In order to keep the fuel flowing smoothly and in a regulated manner into the pre-heater and thence to the jet, a throttling jet was placed in series with the hose and burner. That jet is smaller than the gas jet.

When the paraffin boils and sprays upwards, it also pushes the fuel backwards through the throttling jet which causes a pulsing of the flame. When the throttling jet is large enough to supply adequate fuel (about 2gm/minute) and small enough to limit the backflow of fuel, the stove operates well. Starting and regulating the power level entails raising or lowering the tank with a string. More height = more pressure on the system and the power (heat output) increases. The REDI stove can be extinguished by lowering the tank below the jet at which time the fuel stops spraying out.
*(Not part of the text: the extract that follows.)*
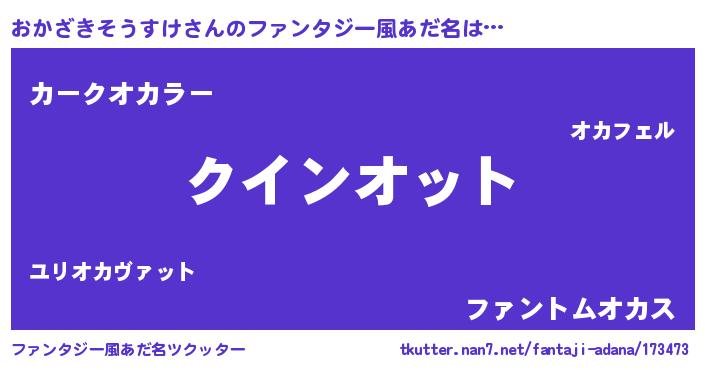 | 男性向けラノベタイトル風あだ名 | 『おまえをオタクにしてやるから、俺をおかざきそうすけにしてくれ! 』 |

It is a simple, safer and relatively easily operated stove. Its drawbacks were the pulsing which tended to put out the flame if you tried to rush the starting sequence, similar CO levels compared with the other products on the market and the cost of the combustion and pre-heating components. It is not very easy to make in a small workshop, even though there are units being produced in 10 or more countries. The cost of production was eventually reduced to $7.50 which is more than the common wick-type stove but it has a longer life and is more stable. If it is tipped over the flame can continue for a long time and can spray a large flame as fuel rushes into the hot, tipped-over pre-heater. It cannot explode which is a major advance in safety.

The FSP stove also has an external tank. It has 'roarer' components in that it has a pre-heater and a gas jet, but there the similarities stop. The FSP stove has significant differences which improve the performance markedly.

The first thing you will notice is that it has a brass fuel control valve. This means the fuel tank can be mounted permanently in the house if so desired. The stove can be operated by a child without handling the fuel container at all.

The technically inclined will also notice immediately that the pre-heater tube is not a welded or brazed component - it is simply an 8mm tube bent carefully into a 300 degree arc at the top and a loop to the bottom where the jet is mounted. The eliminates almost all of the difficulties in fabrication, significantly reducing the cost and the risk of a faulty welded joint in the tubing. The entire stove can be fabricated without any welding at all. It can be made in a refugee camp, for example, without any need for electricity or gas.

Inside the control valve is a non-return valve that prevents pulsing altogether. There is a small steel ball taken from a bicycle bearing sitting in the upper side of the control valve just below the entrance of the steel pipe. In order to function correctly with no additional parts, the pipe must be connected to the top of the control valve. Thus the ball sits at the bottom of the fitting blocking the in-feed hole. Incoming fuel lifts it a little but it seals if the fuel tries to flow backwards. The pipe proceeds gently upwards to the burner so that it automatically removes air bubbles coming through the fuel line.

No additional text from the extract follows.